Which Cycle Frontier Jobs Are Worth Doing? - Part Five.

Bit of Cleanup and Auto-updating

December 6, 2022

Where We Left Off

In the previuos post, we dealt with missing values and finally asking some last minute questions. In this post, we’re going to follow in the footsteps of Robert Ritz’s post about getting a dataset updated automatically to avoid cluttering up Kaggle with old datasets which are not very useful being out of date.

Note that this post is about getting the data uploaded and not about doing any sort of Analysis.

A Bit of Cleaning

Setup Integration

Following along with the article, we’re going to create a Kaggle API Key. We’ll go to the account page and make a new API key for this:

And, once we have this we add it as an Environmental Variable per the post:

Since we’re making our own data set, we’ll need to initialize the dataset on kaggle first:

!kaggle datasets init -p cycle-frontier-data

This will not work, as it did not for me, since it expects you to make the folder first. So, we’ll do that and then init:

!mkdir cycle-frontier-data
!kaggle datasets init -p cycle-frontier-data

Once done, you’ll want to update the dataset-metadata.json file which can be found on the side:

Import and Merge Data

So, now we need to save the data to this folder since Kaggle expects it there.

from pathlib import Path
dataPath = Path("cycle-frontier-data")

allJobRewards.to_csv(dataPath/"allJobsRewards", index=False)
loot.to_csv(dataPath/'loot', index=False)
tasks.to_csv(dataPath/'tasks', index=False)
drives.to_csv(dataPath/'drives', index=False)
guns.to_csv(dataPath/'guns', index=False)
backpacks.to_csv(dataPath/'backpacks', index=False)
ammo.to_csv(dataPath/'ammo', index=False)
mineTool.to_csv(dataPath/'minetool', index=False)

Add Dataset to Kaggle; Schedule It To Run

Once done, you run the create to upload the data:

!kaggle datasets create -p cycle-frontier-data

… and the dataset will be private until you fill it out the dataset and then set it to public.

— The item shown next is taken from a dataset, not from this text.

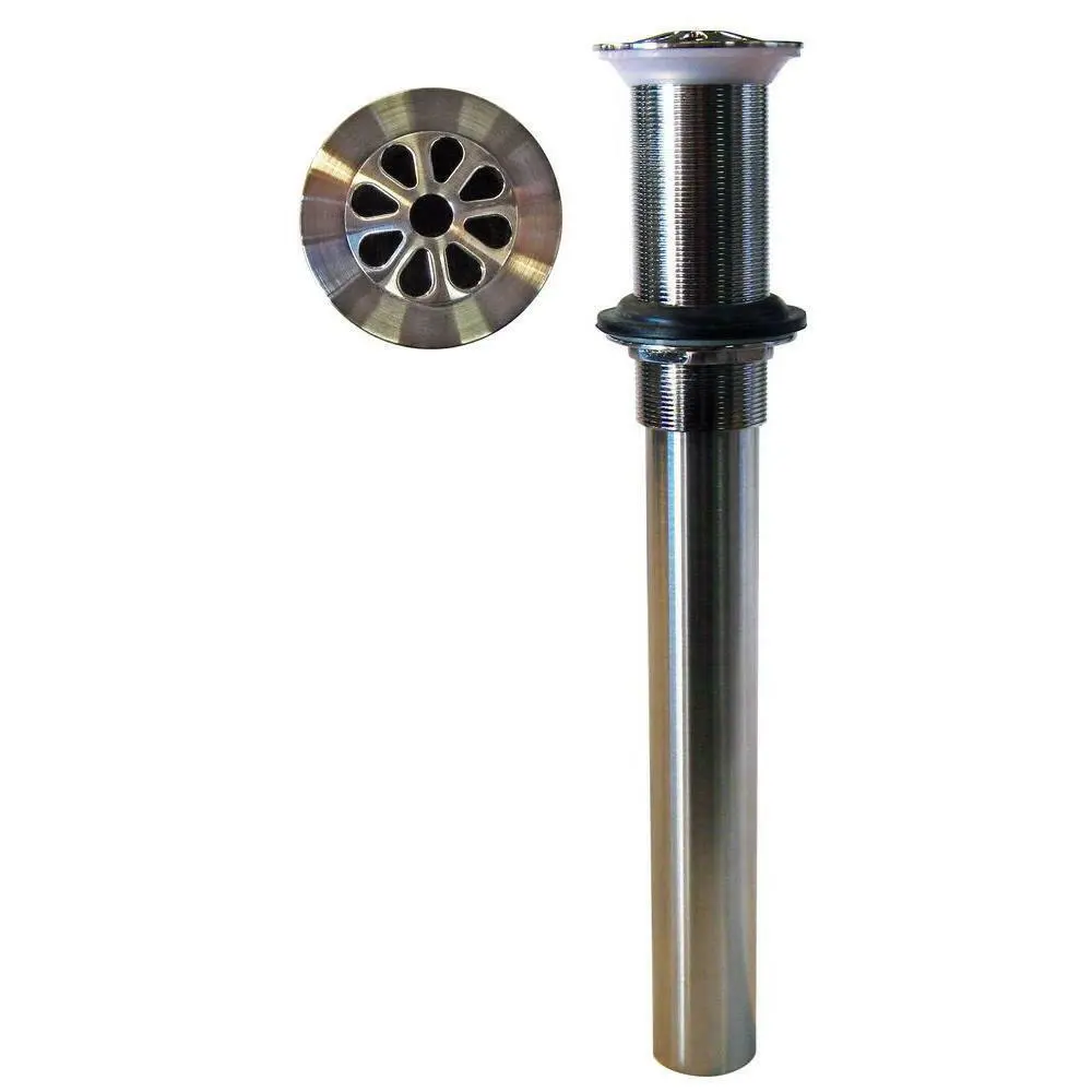 Westbrass Decorative High Flow Grid Drain with No Overflow Holes. Fits standard sink drains and features an ultra high flow grid style lavatory drain which prevents blockage. Fully finished for exposed installation. Fits 1-1/2 in. opening with 1-1/4 in. tailpiece and 3 in. threading for thick sinks. Brass construction.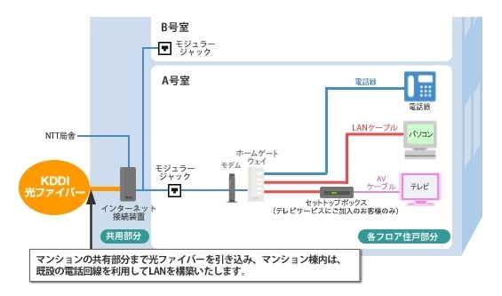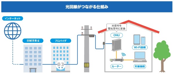 光回線では有線の光ファイバーをアパート内に引き込んで直接つなぎ、インターネットを接続します。

Make sure that at the bottom of the Notebook you include the line to update the dataset - per the post:

!kaggle datasets version -p cycle-frontier-data -m "Automatic Update"

Last, you’ll want to set the Notebook to run on a schedule; I set it to run as rarely as possible. If the data is out of data you could always simply login and force it to run.